About Guided Wave Radar

Rosemount™ guided wave radars are easy to install and virtually unaffected by process conditions.


Reduce Maintenance, Increase Safety and Optimize Your Process

We have developed products using advanced radar technology since 1974, and our continuous improvement approach has resulted in radar transmitters that provide superior performance and reliability.

Guided wave radar devices have no moving parts and require minimum maintenance. They can measure both level and the interface between two media.

The technology is not affected by media density, varying temperatures or pressures, and provides reliable, accurate measurements in demanding applications. 

How It Works

Guided wave radar is based on microwave technology. Microwaves are only affected by materials that reflect energy which means that temperature variations, dust, pressure, and viscosity do not affect accuracy.

The device sends a low energy microwave pulse down a probe. When the pulse hits the media, a significant proportion of the energy is reflected back up the probe to the device. The level is directly proportional to the time-domain reflectometry. Because a proportion of the emitted pulse will continue down the probe, an interface can also be detected.

In most processes varying conditions are common. Temperature, density, and viscosity may change. Variations in level measurement can easily occur under these conditions, but the guided wave radar technology is unaffected by these changes. The device does not need to compensate for changes in density, dielectric, or conductivity in the fluid and this makes this top down measurement very robust.

With just one device you can measure both level and interface.

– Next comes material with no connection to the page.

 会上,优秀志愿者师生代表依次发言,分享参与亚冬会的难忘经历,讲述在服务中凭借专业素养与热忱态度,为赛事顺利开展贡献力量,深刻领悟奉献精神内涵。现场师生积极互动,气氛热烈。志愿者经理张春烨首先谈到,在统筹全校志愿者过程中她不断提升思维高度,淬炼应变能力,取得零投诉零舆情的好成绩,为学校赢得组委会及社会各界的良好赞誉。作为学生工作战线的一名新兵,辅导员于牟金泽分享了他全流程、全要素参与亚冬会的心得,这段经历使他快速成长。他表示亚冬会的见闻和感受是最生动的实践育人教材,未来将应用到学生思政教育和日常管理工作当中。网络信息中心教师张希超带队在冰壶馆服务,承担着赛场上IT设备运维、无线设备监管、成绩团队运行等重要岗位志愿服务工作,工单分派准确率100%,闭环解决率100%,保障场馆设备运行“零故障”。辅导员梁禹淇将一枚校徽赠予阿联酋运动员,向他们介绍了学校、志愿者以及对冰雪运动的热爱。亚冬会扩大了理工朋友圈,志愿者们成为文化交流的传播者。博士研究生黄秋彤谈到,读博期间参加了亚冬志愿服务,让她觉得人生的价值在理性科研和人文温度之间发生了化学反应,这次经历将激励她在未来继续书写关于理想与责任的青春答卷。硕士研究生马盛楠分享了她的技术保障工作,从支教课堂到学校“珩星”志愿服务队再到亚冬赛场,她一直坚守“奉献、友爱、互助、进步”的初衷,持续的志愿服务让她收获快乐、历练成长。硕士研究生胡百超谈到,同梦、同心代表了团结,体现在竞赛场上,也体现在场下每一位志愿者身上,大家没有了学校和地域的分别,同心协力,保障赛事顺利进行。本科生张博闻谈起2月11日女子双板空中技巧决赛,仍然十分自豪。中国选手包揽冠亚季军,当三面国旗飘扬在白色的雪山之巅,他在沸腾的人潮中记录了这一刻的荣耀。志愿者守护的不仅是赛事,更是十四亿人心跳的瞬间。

In separation processes, it is often necessary to measure both the level and the interface level. One example is oil on water. When microwaves hit the oil surface some are reflected back and some continue through the oil. The reflected microwaves provide the level reading and the microwaves that continue through the oil will be reflected back on the water surface. These microwaves then provide the interface reading.

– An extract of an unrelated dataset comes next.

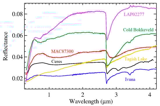 Marchi et al. [] and Kurokawa et al. [] found that a large fraction of the composition of Ceres should be composed of material similar to carbonaceous chondrites (CC), when taking into account both the IR global average spectrum and the elemental composition from the GRaND measurement. In particular, [] obtained best fits by adding the CC Ivuna (CI type) or LAP (CM type) to the modeled mixtures; [] obtained best fits using Ivuna (CI type), Tagish Lake (CM type), or Cold Bokkeveld (CM type). However, our analysis revealed that the above-mentioned CC cannot match both the VIS and IR regions of the average spectrum of Ceres. Instead, we considered MAC 87300 (CM type), which is already mentioned in [], whose spectral shape is most similar to the Ceres’ spectrum across the two spectral regions (Figure 2).

Level measurement using guided wave radar technology is based on the reflection of microwaves on surface media.

All media have a dielectric constant. The higher it is, the stronger the reflection of the microwaves will be. Vacuum gives no reflection at all and has a dielectric constant of 1. Oil is approximately 2 and water around 80.

A dielectric constant below 1.5 is often challenging to measure, but the high sensitivity guided wave radar level transmitters from Emerson handle it with ease.